10GB Performance issues

Notice: Page may contain affiliate links for which we may earn a small commission through services like Amazon Affiliates or Skimlinks.

alex1002

Member
Apr 9, 2013
519
19
18
The setup
I am pleased to announce I finally got the "poor" man 10gb solution going. Using the following parts:
Dell PowerConnect 6224 24-Port Gigabit Layer 3 Switch w/ Rack Ears "WARRANTY"
with
Dell PowerConnect FJ727 10GBe Fiber Module XFP 6224 6248 w/ 1x FTLX8511D3 GBIC
and
NEW SEALED DELL FORCE10 FTLX8511D3-FC GP-XFP-1S MFGR4 XFP 10GB SR transceiver
going into
Intel 10 GbE XF SR 2 Port Server Adapter PCIe Full Height EXPX9502FXSRGP5
Now two of my ESXi servers are on 10gbe link, on the cheap. I am plan to stack another Dell6224 and get use the same method to connect another two servers 10gb.
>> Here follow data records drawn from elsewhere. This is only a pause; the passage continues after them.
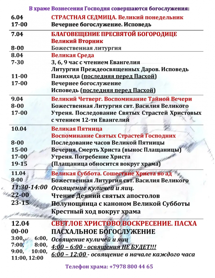 Расписание богослужений на Страстной Седмице и в праздник Светлого Христова Воскресения в храме Вознесения Господня
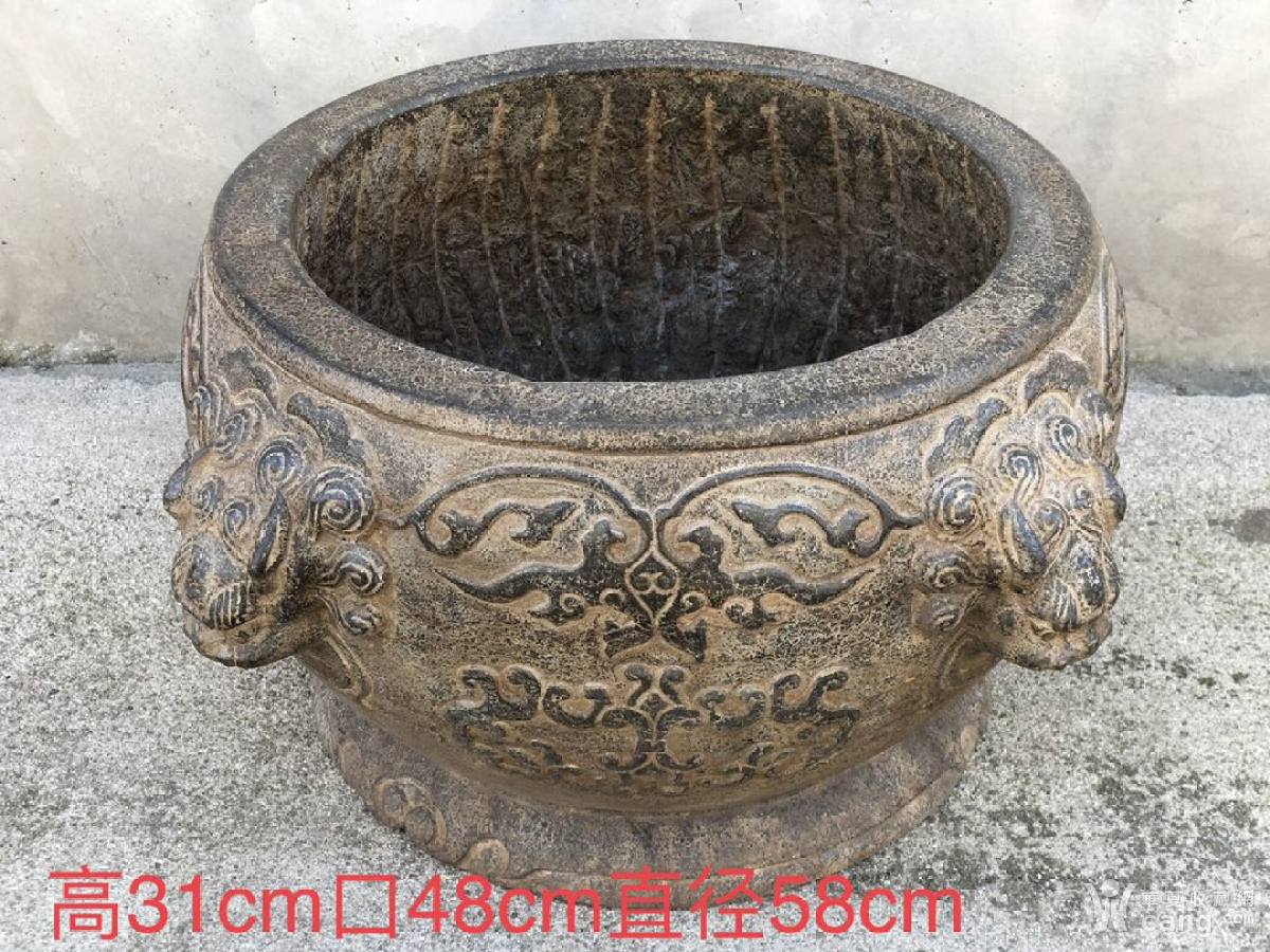 天津拆迁偶得青石养鱼盆,浮雕四兽首挂耳图案,满身浮雕瑞兽麒麟
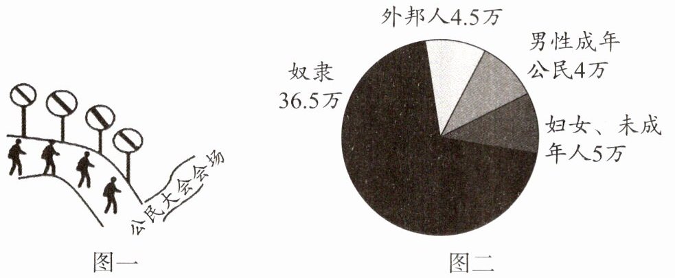 2. 你赞同材料二中“政权是在全体公民手中”这个说法吗?结合图一、图二和所学知识阐明理由。
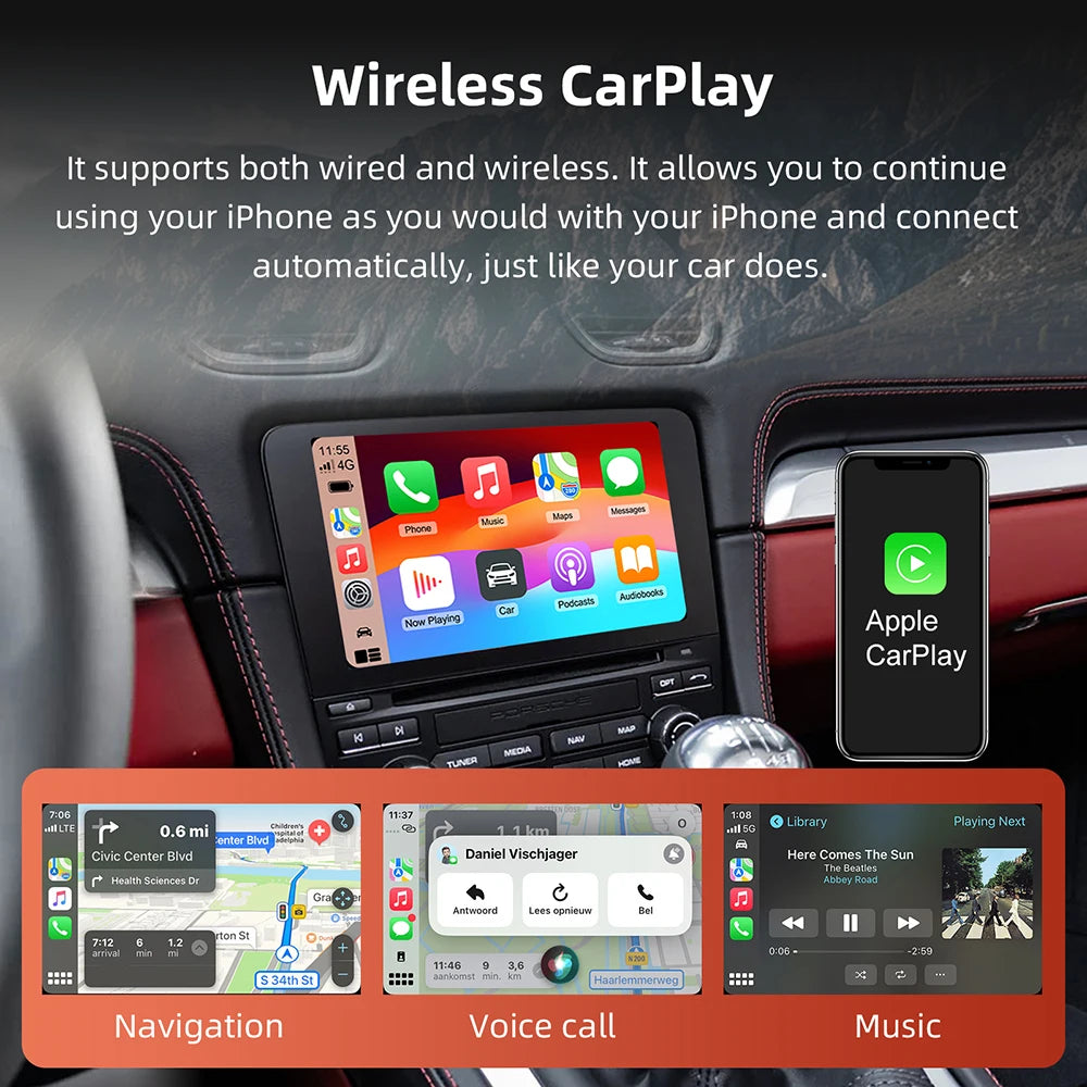 Porsche Cayenne Macan 911 CarPlay Wireless pentru PCM 4.0, Ecran de 7 Inchii
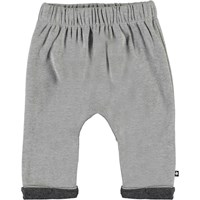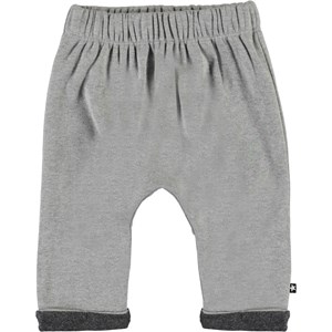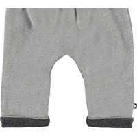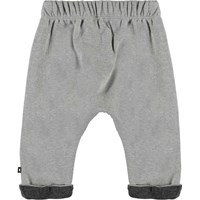 Soyo ist eine graue Baby-Jogginghose mit elastischer Taille und hochgekrempelten Beinen. Die Hose hat guten Raum.

Unit Interface Mode Mode Status Speed (Gb/s)
---- ---------------- ---------- ---------- ------------ ------------
1 xg1 Ethernet Ethernet Link Up 10
1 xg2 Ethernet Ethernet Link Up 10

Thank you @push3r
Amazing Advice!

My only issue is how to optimize it, advice highly required. Each server is got Raid10 with 8 ssds. I am only getting 185mb/s a second when testing. Jumbo frames enable.
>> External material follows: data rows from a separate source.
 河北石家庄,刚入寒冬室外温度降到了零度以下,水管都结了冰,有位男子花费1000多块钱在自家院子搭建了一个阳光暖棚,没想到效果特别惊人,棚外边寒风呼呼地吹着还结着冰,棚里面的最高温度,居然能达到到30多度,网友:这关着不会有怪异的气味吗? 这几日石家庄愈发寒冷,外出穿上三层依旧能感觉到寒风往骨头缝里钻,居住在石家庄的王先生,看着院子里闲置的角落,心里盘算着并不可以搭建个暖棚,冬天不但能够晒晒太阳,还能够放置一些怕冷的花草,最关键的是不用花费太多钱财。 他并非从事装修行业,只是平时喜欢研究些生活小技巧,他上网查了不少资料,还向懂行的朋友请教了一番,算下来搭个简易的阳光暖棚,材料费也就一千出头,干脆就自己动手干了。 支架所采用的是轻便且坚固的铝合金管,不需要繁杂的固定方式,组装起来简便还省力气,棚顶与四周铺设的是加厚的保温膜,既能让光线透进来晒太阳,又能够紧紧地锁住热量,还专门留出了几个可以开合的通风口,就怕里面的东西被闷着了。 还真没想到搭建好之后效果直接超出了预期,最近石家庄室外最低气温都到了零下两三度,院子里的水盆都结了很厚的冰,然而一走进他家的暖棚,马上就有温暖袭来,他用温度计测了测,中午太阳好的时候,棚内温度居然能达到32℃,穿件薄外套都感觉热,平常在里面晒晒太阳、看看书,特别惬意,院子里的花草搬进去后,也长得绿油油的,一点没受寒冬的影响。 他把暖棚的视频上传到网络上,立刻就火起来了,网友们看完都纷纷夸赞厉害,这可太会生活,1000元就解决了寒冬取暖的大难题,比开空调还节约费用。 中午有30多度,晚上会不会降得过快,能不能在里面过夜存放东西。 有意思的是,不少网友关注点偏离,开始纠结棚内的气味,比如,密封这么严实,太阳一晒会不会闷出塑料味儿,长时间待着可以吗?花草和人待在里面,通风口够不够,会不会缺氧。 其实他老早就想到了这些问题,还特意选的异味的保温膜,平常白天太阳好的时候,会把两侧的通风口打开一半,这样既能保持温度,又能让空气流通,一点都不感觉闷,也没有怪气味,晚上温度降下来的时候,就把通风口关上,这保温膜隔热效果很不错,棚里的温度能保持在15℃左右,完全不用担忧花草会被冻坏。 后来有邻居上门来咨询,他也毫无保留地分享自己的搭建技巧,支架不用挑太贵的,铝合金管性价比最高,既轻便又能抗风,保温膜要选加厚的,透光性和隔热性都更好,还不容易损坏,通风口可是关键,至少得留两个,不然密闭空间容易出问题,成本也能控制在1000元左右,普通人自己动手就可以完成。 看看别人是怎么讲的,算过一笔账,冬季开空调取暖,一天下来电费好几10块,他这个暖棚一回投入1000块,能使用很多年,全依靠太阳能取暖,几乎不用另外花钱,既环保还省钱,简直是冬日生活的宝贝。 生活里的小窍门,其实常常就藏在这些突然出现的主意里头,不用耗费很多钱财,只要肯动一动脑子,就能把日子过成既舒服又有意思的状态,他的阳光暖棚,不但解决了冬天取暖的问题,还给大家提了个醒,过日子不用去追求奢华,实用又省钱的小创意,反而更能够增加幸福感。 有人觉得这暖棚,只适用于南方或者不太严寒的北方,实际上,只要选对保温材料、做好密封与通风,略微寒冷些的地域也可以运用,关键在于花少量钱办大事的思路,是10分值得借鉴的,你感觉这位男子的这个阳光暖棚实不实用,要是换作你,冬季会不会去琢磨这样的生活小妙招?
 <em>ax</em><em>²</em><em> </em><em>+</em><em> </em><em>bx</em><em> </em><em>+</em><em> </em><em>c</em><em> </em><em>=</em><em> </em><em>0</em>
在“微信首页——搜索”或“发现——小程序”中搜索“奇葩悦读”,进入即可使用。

I did try with different optimization settings found on the Intel/Microsoft Guides. I know my raid was push over 550mb/s. I also created ram drives on both servers and tried but no happiness.
Copying from RAID drive D:\ NTFS 8TB to 8GB Ram Drive 7.5gb file 488mb/s.Copying from Ram Disk to Ram disk on the other server 176mb/s
Checked both servers and are fast copying from Raid to Ram drive.
Both servers are Windows 2012 R2, lastest Intel drives.
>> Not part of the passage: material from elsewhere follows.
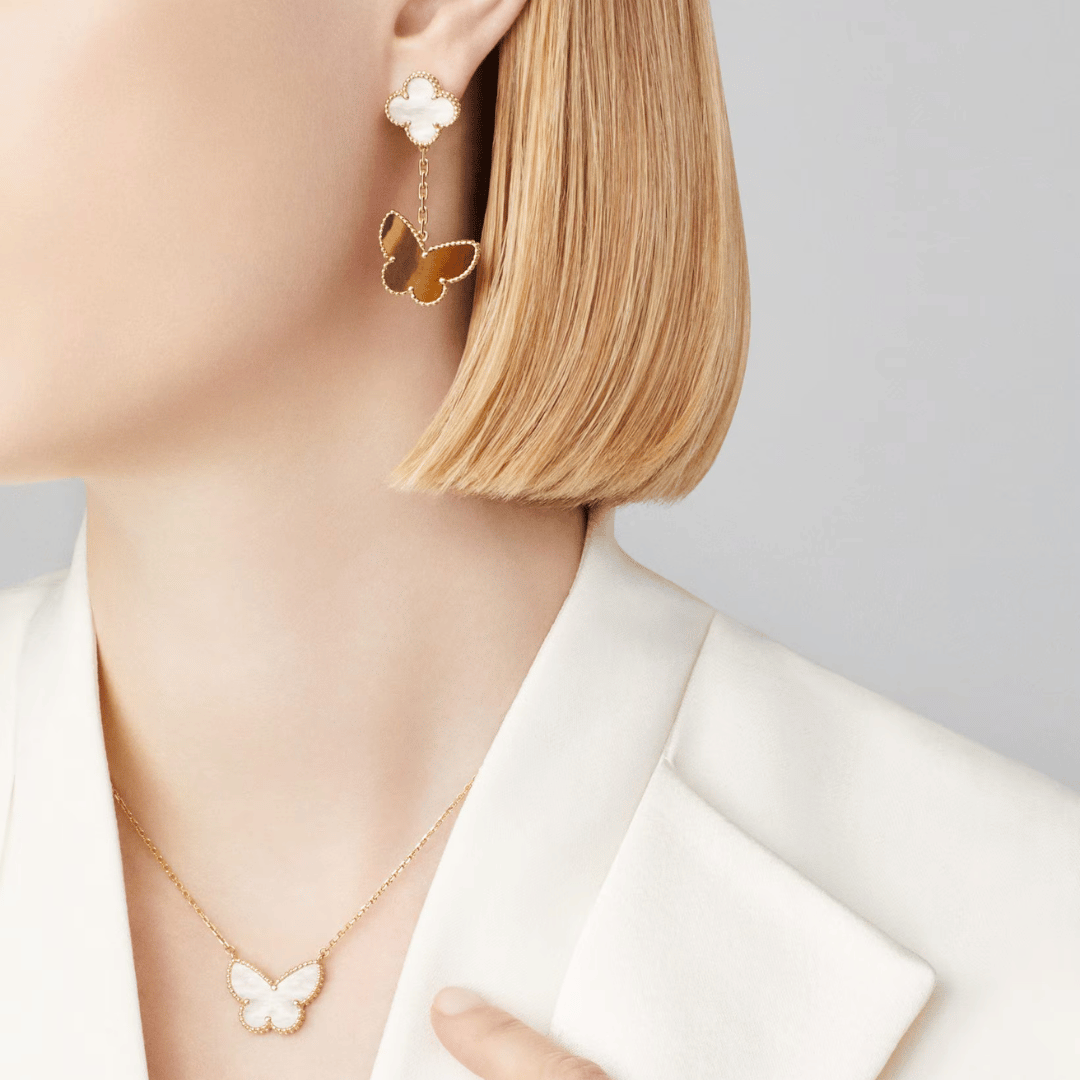 Lucky Alhambra earrings, 2 motifs, 18K yellow gold, white mother-of-pearl, tiger’s eye.

Could it be my LC to LC cables?
 

Patrick

Administrator
Staff member
Dec 21, 2010
12,516
5,808
113
Have you tried iperf or similar? Good to use something like that in order to troubleshoot the link v. if you are having storage subsystem issues.
 

alex1002

Member
Apr 9, 2013
519
19
18
Connecting to host 192.168.0.85, port 5201
[ 4] local 192.168.0.177 port 50098 connected to 192.168.0.85 port 5201
[ ID] Interval Transfer Bandwidth
[ 4] 0.00-1.00 sec 192 MBytes 1.61 Gbits/sec
[ 4] 1.00-2.00 sec 170 MBytes 1.43 Gbits/sec
[ 4] 2.00-3.00 sec 191 MBytes 1.60 Gbits/sec
[ 4] 3.00-4.00 sec 192 MBytes 1.61 Gbits/sec
[ 4] 4.00-5.00 sec 192 MBytes 1.61 Gbits/sec
[ 4] 5.00-6.00 sec 192 MBytes 1.61 Gbits/sec
[ 4] 6.00-7.00 sec 192 MBytes 1.61 Gbits/sec
[ 4] 7.00-8.00 sec 192 MBytes 1.61 Gbits/sec
[ 4] 8.00-9.00 sec 192 MBytes 1.61 Gbits/sec
[ 4] 9.00-10.00 sec 192 MBytes 1.61 Gbits/sec
- - - - - - - - - - - - - - - - - - - - - - - - -
[ ID] Interval Transfer Bandwidth
[ 4] 0.00-10.00 sec 1.86 GBytes 1.59 Gbits/sec sender
[ 4] 0.00-10.00 sec 1.86 GBytes 1.59 Gbits/sec receiver

iperf Done.
 

whitey

Moderator
Jun 30, 2014
2,766
868
113
41
Well that doesn't look good on a 10G network :-( Jumbo frames enabled end to end, what are two (src/dest) systems you are testing w/...phys or virt?
 

alex1002

Member
Apr 9, 2013
519
19
18
The Machines are physical now. Both sides got RAID10. Dual Xeons 16cores each, 48gb ram
 

namike

Member
Sep 2, 2014
70
18
8
43
Since it is only 2 physical boxes I'd plug my servers in directly to each other and eliminate the switch.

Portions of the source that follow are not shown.